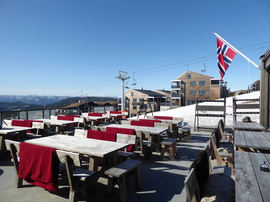 In Norefjell gibt es gute Restaurants und Hütten im Skigebiet verteilt. Von den Sonnenterrassen hat man oft einen tollen Ausblick auf die Berge und den Krøderen-See.
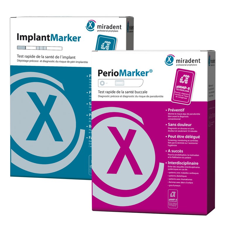 Miradent, marque du groupe Hager & Werken, commercialise PerioMarker et ImplantMarker sous forme de kits destinés au diagnostic précoce des risques de parodontites et de péri-implantites.
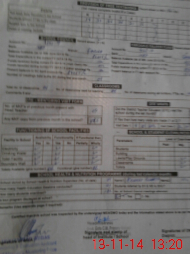 | School Visited by School Health & Nutrition Supervisor (No. of Visits) | 1 | Name1: | REHANA SHARIF | Name2: | NIL |
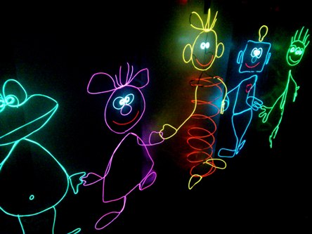 technique - LED and El-wire string marionettes, giant, hand and experimental puppets
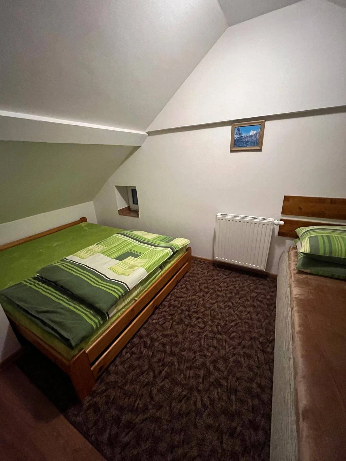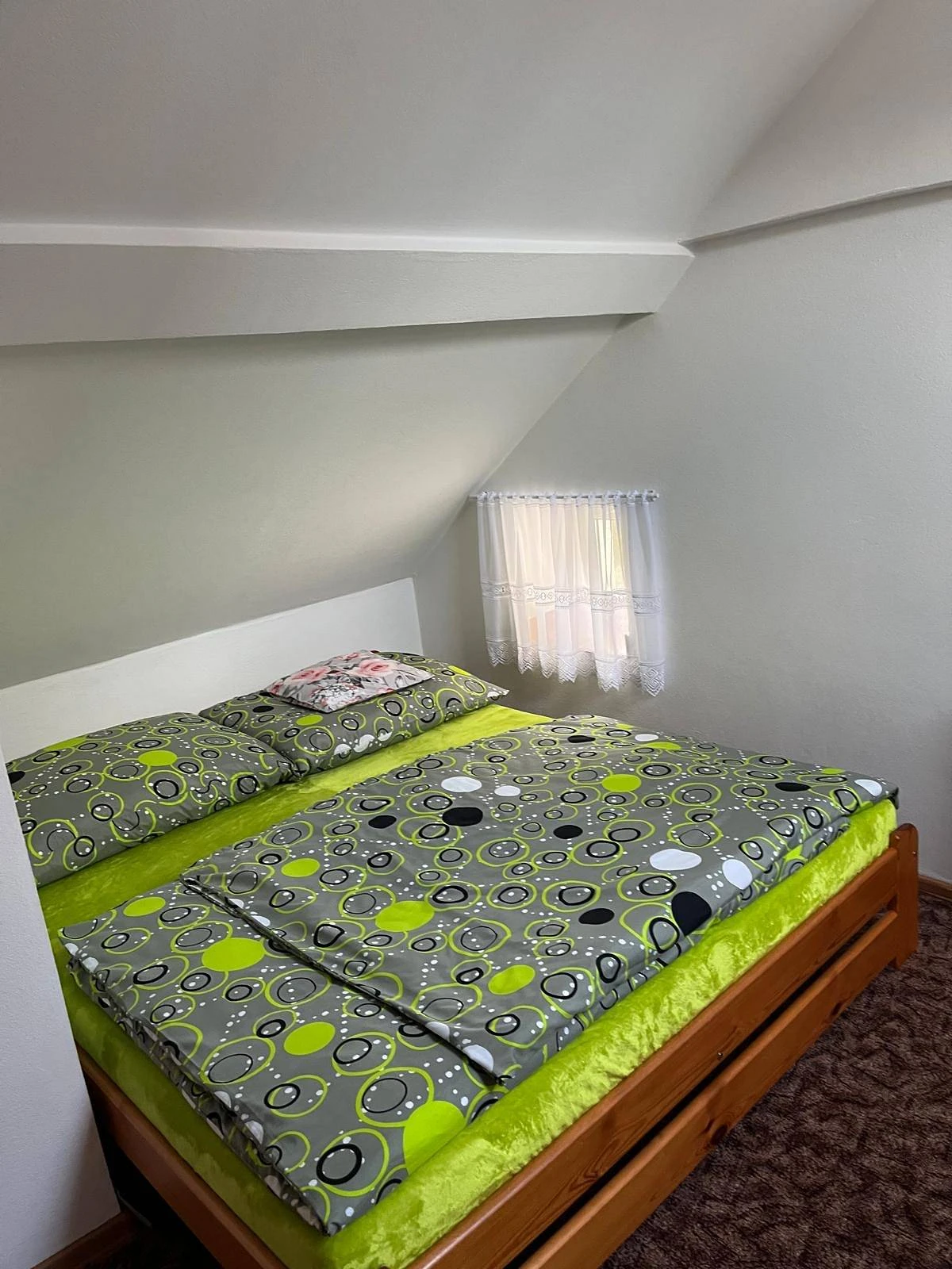 Apartmán poskytuje ubytování pro 5 osob ve dvou pokojích. K dispozici je jeden dvoulůžkový a jeden třílůžkový pokoj, oba s plně vybaveným kuchyňským koutem a koupelnou. Sociální zařízení zahrnuje WC, sprchový kout a umyvadlo. Hosté mohou využít parkování přímo u objektu, což usnadňuje dopravu. Po předchozí domluvě je také možnost stravování.

•••

● **Brief**
Leave out the pictures and retype the rest of the entries exactly.

● **Exercise solution**
 In Norefjell gibt es gute Restaurants und Hütten im Skigebiet verteilt. Von den Sonnenterrassen hat man oft einen tollen Ausblick auf die Berge und den Krøderen-See.
 Miradent, marque du groupe Hager & Werken, commercialise PerioMarker et ImplantMarker sous forme de kits destinés au diagnostic précoce des risques de parodontites et de péri-implantites.
 | School Visited by School Health & Nutrition Supervisor (No. of Visits) | 1 | Name1: | REHANA SHARIF | Name2: | NIL |
 technique - LED and El-wire string marionettes, giant, hand and experimental puppets
 Apartmán poskytuje ubytování pro 5 osob ve dvou pokojích. K dispozici je jeden dvoulůžkový a jeden třílůžkový pokoj, oba s plně vybaveným kuchyňským koutem a koupelnou. Sociální zařízení zahrnuje WC, sprchový kout a umyvadlo. Hosté mohou využít parkování přímo u objektu, což usnadňuje dopravu. Po předchozí domluvě je také možnost stravování.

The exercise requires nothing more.